Artificial life created for the first time

The M. genitalium bacteria | Image: BBC News Life’s so complex that only a civilization far more advanced than our own could ever produce it artificially, right?

Wrong. Scientists at the J. Craig Venter Institute in Rockville, Maryland have successfully created the full genome for a species of bacteria, completely from scratch, the first time ever that life on our planet has been created by artificial means. Even though it was only a bacteria, with what is thought to be one of the shortest genetic codes around, it still contained an amazing 582,970 base pairs, each of which had to be arranged in exactly the right order for the code to be correct.

How is this possible?
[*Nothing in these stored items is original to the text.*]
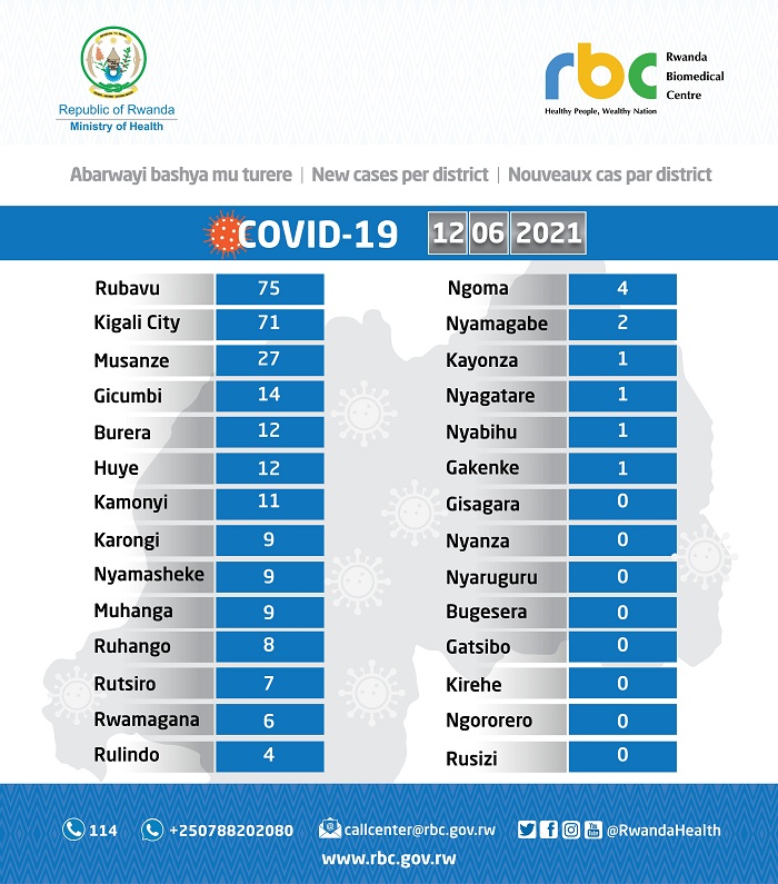 Minisiteri y’Ubuzima (MINISANTE) mu Rwanda, yihanganishije umuryango w’umugore w’imyaka 67 witabye Imana (ku Kamonyi) n’uw’umugabo w’imyaka 73 witabye Imana i Huye bazize Covid-19. Iyo Minisiteri yanatangaje ko ku wa Gatandatu tariki 12 Kamena 2021, mu Rwanda abantu 284 banduye Covid-19, bituma umubare w’abamaze kwandura bose uba 28,146. Kuri iyo tariki nta muntu wakize icyo cyorezo.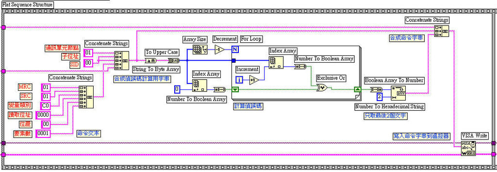 4.讀取溫控器回應字串:這裡可以直接使用VISA讀取元件,但我都先用其他元件先確認傳回多少字串再讀取,這樣可以確保程式不會讀取錯誤當機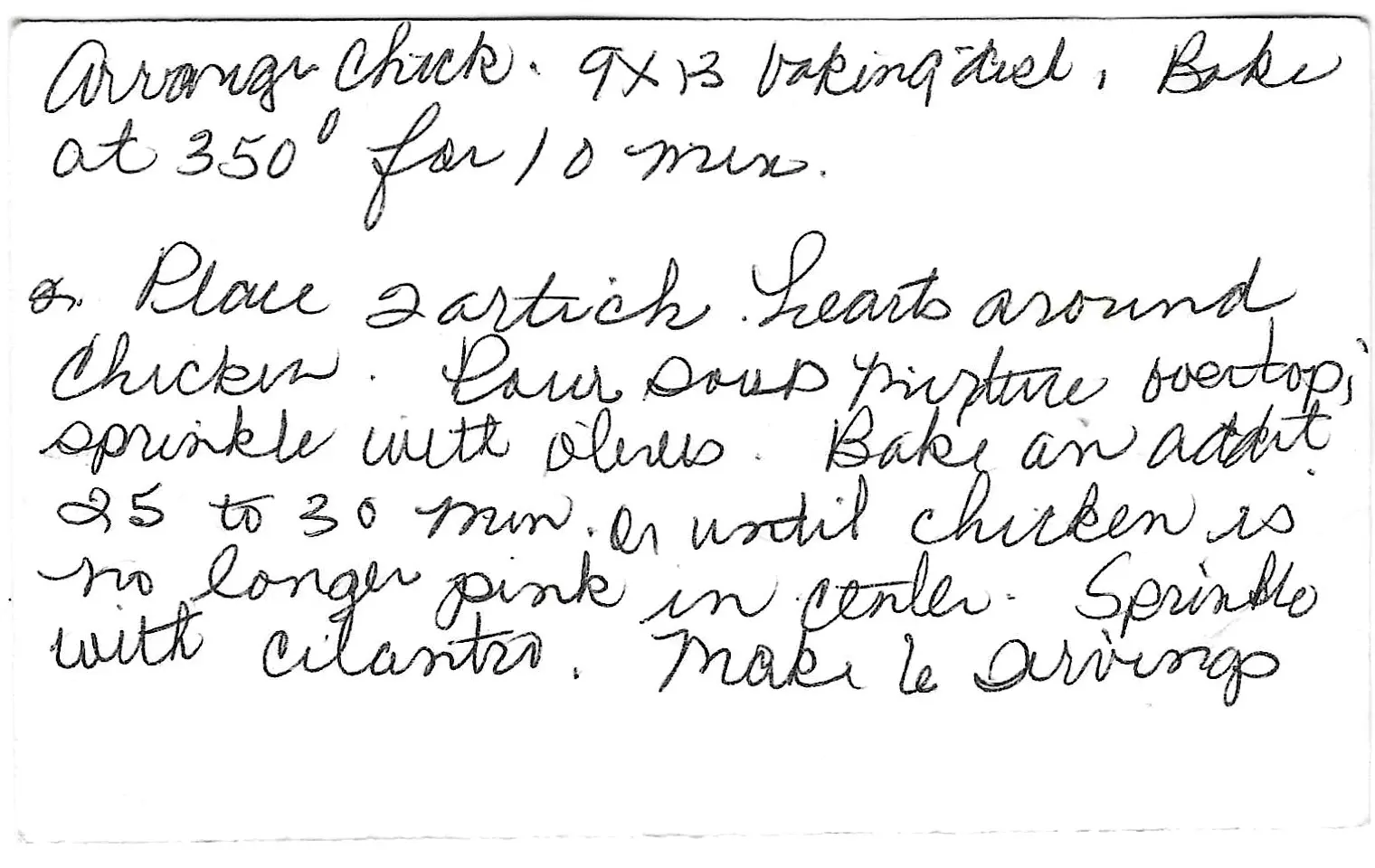 - Arrange chicken in a 9x13 baking dish. Bake at 350° for 10 minutes.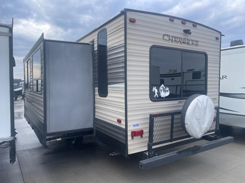 The Cherokee Cascade 264L travel trailer by Forest River offers a single slide and a rear living area.

A big problem scientists had is that you can join a few base pairs together fine (32,000 is the longest ever achieved), but any more and they start to break apart. The solution was to create 101 smaller chains (each containing 5000-7000 pairs), and then join them all together using enzymes.The steps to creating artificial chromosomes, which can them be joined to make genes | Image: BBC News

So what implications is this going to have? For the moment at least, scientists have no intention whatsoever to create mini-zombies to terrorize and kill us all. However, artificial life forms could be in widespread use in as little as a decade or two, removing carbon dioxide from the atmosphere and producing clean fuels, two things our planet is in desperate need of.

I am strongly in favor of amazing progress like this, but I know that many people say it is ‘playing God’, and there are also questions about where research like this stops – what’s to stop this technology being used for biological warfare, or for some sick professor’s dream of aliens wandering the streets… I’d be really interested to hear your views – post your comments below.


One Response

  1. I think this has great implications. One being for use on Mars or the moon for future colonization efforts. Knowing exactly what has gone into these organisims would be a great way to keep new frontiers from being ‘taken over’ by wild types. This is, of course, if we can also control the reproduction in a way to avoid mutations such as with a selection gene and specific antibiotics.